_Exercise details_
Your task is to restate the listing word for word without the pictures.

_Stored data_
[Start of Attachment]

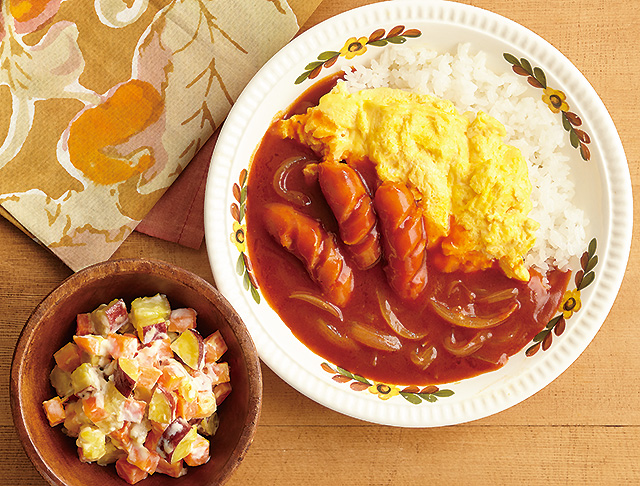 ぷるぷるたまごのハヤシライス、ころころさつまいもサラダeフレンズ ぱくぱく献立くん。
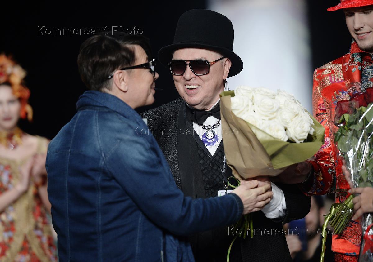Неделя моды Mercedes-Benz Fashion Week Russia (сезон осень-зима 2018-2019) прошла в ЦВЗ "Манеж". Модельеры Вячеслав Зайцев (справа) и Валентин Юдашкин (слева) во время показа новой коллекции модельера Вячеслава Зайцева.
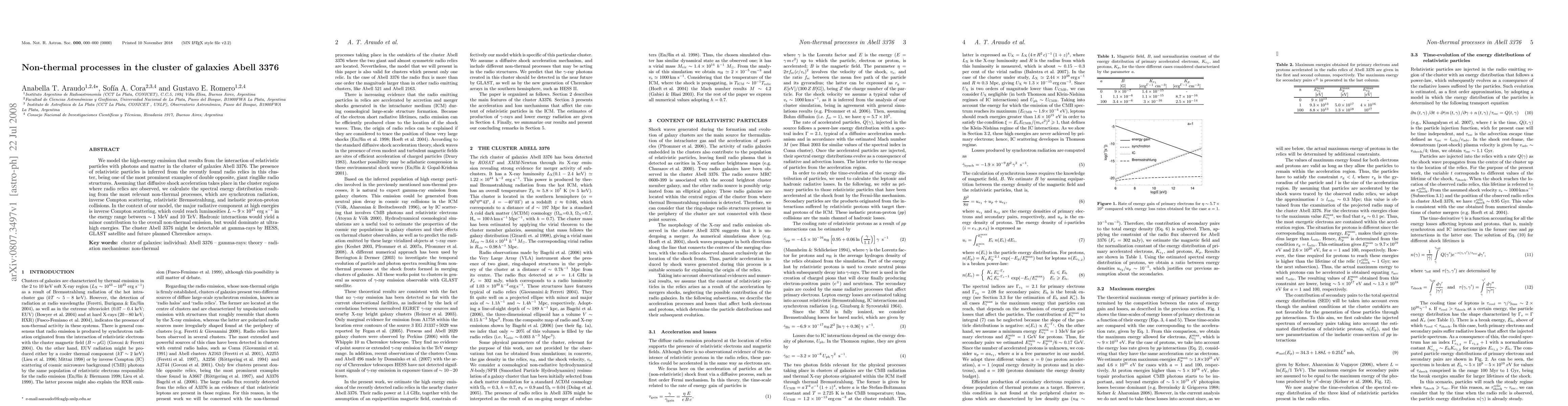 This paper models the high-energy emissions from relativistic particles in the galaxy cluster Abell 3376, focusing on non-thermal processes like synchrotron radiation and inverse Compton scattering. The study finds that inverse Compton scattering is the major radiative component, potentially detectable by gamma-ray observatories.

[End of Attachment]

_Final answer_
 ぷるぷるたまごのハヤシライス、ころころさつまいもサラダeフレンズ ぱくぱく献立くん。
Неделя моды Mercedes-Benz Fashion Week Russia (сезон осень-зима 2018-2019) прошла в ЦВЗ "Манеж". Модельеры Вячеслав Зайцев (справа) и Валентин Юдашкин (слева) во время показа новой коллекции модельера Вячеслава Зайцева.
 This paper models the high-energy emissions from relativistic particles in the galaxy cluster Abell 3376, focusing on non-thermal processes like synchrotron radiation and inverse Compton scattering. The study finds that inverse Compton scattering is the major radiative component, potentially detectable by gamma-ray observatories.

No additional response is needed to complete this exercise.